Religion
- Affiliation: Islam

Location
- Location: 808 Atwater St, Raleigh, NC 27607
- State: North Carolina
- Country: United States
- Interactive map of Islamic Association of Raleigh
- Coordinates: 35°47′23″N 78°41′28″W﻿ / ﻿35.789860°N 78.691235°W

Architecture
- Type: Mosque
- Established: 1985
- Interior area: 40,000 sqft

Website
- raleighmasjid.org

= Islamic Association of Raleigh =

Mosque in Raleigh, North Carolina, United States

The Islamic Association of Raleigh (IAR) is a mosque in Raleigh, North Carolina. Established in 1981, built in 1985, the mosque organizes community outreach, education, prayer services and sermons. It also frequently partners with other Islamic organizations in the area. The mosque has a 40,000 sqft center which houses 2 prayer halls, and an educational center for children. They also own and maintain an Islamic cemetery in Wendell, NC.

==History==
After the 2015 Chapel Hill Shooting, on February 12, a public funeral was held with an estimated 5,500 attendees. It began on the athletic fields on North Carolina State University's campus. At the end of the service the coffins were taken to the cemetery owned by the IAR.
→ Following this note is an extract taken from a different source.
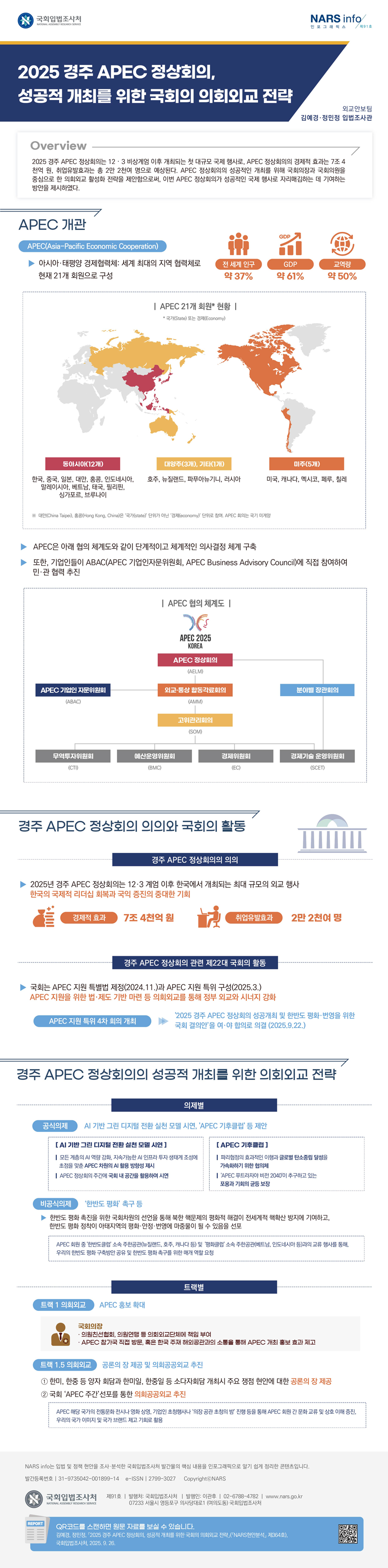 ※ 원문 자료ㅣ김예경, 정민정, 「2025 경주 APEC 정상회의, 성공적 개최를 위한 국회의 의회외교 전략」(『NARS현안분석』 제364호), 국회입법조사처, 2025. 9. 26.

In May 2020, the IAR hosted drive-thru prayer services for Ramadan at the NC State Fairgrounds, due to COVID-19. The mosque remained closed and members were encouraged to pray at home, and attend nightly sermons remotely. In February 2021 hosted a vaccine clinic, distributing COVID-19 vaccines to the public.

==Eid Fest==
The Islamic Association of Raleigh, along with 10 other mosques and Islamic organizations in the triangle, organizes Eid Fest, a public festival celebrating Eid al-Adha. It is typically held in the Jim Graham Building, hosting several thousand attendees, and features community engagement, traditions and Islamic cuisine. Additionally, in 2024 the NC State Muslim Student's Association held donations to support humanitarian aid for victims of the Gaza War. Prior to Eid Fest, the IAR held their own festivals for Eid al-Adha reportedly with 8,000 people in attendance.